かけす・くらぶ

身近な生き物たちの出会いと「すい臓がん」闘病記

トキに会いたい

もう13年も前の事。10月10日。
私はとある港でタカの渡り観察の仕事をしていた。
すると突然、同僚のTさんが携帯を見ながら叫んだ。
「キンちゃん死んだ!」
びっくりして双眼鏡から目を離し、振り向いた。
「きんちゃんって、萩本欣一か?」
違った。
それは、当時たった1羽になっていた日本産トキのトキ子、別名キンが死んだという速報を見て叫んだのだった。
「えーっ」
絶句。推定年齢36歳だったという。

あれから13年。
私はずっと思っていたことがある。
「死ぬまでに一度でいいからトキに会いたい…」
本気で思っていた。できれば野生がいいけれど。
でも佐渡は遠いし…。

先日、新聞記事に石川県の「いしかわ動物園」でトキの一般公開が始まったと載っていた。
これはチャンスと仕事の帰りに寄り道(遠回り)して見に行った。

立派な動物園。開園と同時に入園。


ここではチンパンジーがお昼寝。


敷地内の大きな池にはカモも。


「トキ里山館」入口。


里山風のケージ内には5羽のトキが。


成鳥ペアとことし生まれた別親の幼鳥3羽。
観察通路は半分がガラス張り。
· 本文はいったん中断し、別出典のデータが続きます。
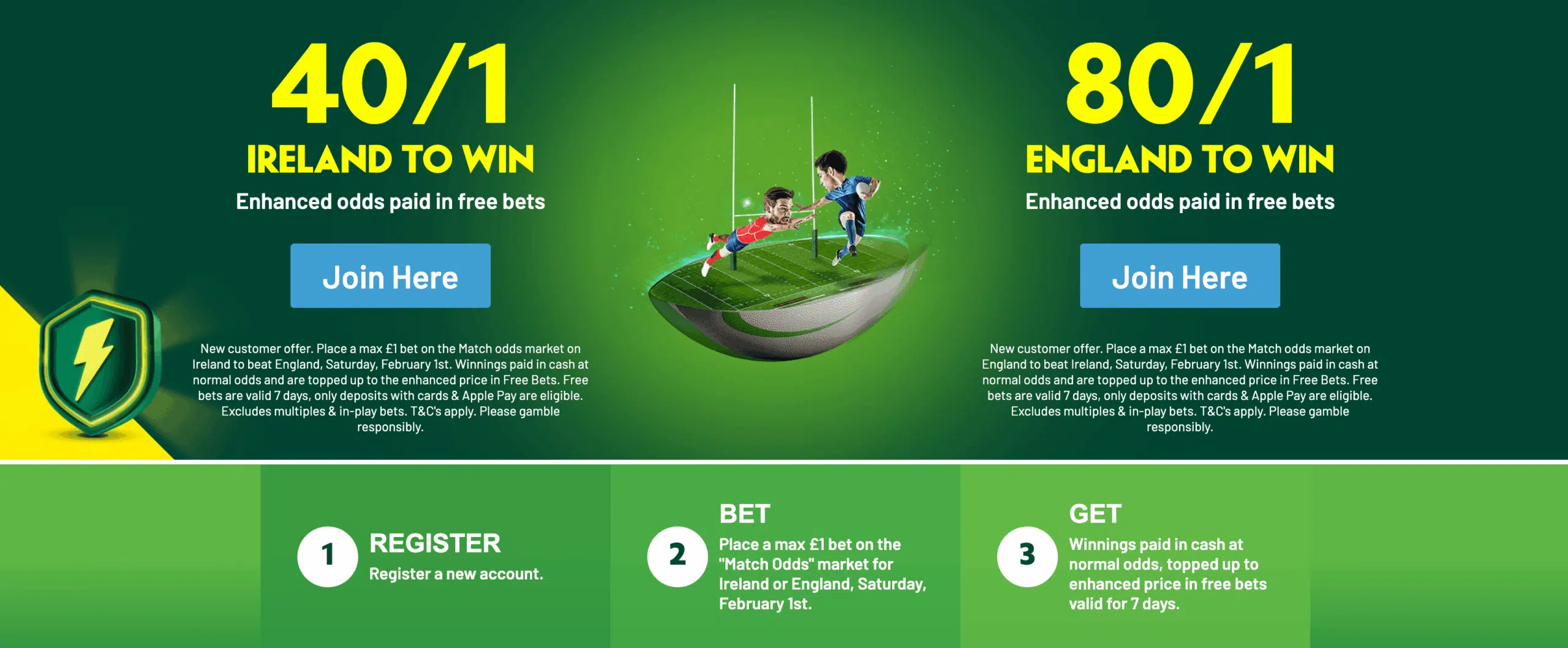 - Place a max £1 bet on the Match odds market on Ireland to beat England in the Six Nations match on Saturday, February 1st.

このガラスはマジックミラーになっていて、トキからは見えないらしいが、曇り空の時にはうっすら人影が写るとか。
だからなのか、端っこに集まっている。

覗き窓からも観察できます。


水辺で採餌。


ペアの成鳥。右が2001年生まれの♂。左が2003年生まれの♀。


一瞬、空を見上げる♂。空が恋しいのかい?


♪ああ ひとはむかしむかし 鳥だったのかもしれないね
こんなにも こんなにも 空が恋しい♪ ってね。

出口に飾ってあった千羽鶴ならぬ千羽トキ。
地元の中学生が折ったという。


私も記念に1羽いただいた。


キンちゃんが死んで13年。
環境省の分散飼育が始まり、多摩、長岡、出雲、ここ石川の4箇所と佐渡で2016年11月13日現在、野生下での生息数216羽、飼育下での生息数173羽になったという。
ただ近親交配のため死亡率も高いという。

トキに限らず、イヌワシライチョウノグチゲラシマフクロウヤンバルクイナ…。絶滅の淵にあえぐ生き物たち。
どうすれば絶滅の危機から救えるのか。真剣に考えなければいけない。キンちゃんはそのことを教えてくれたのかもしれない。


思いは叶ったけれど、大きな課題を突きつけられた出会いだった。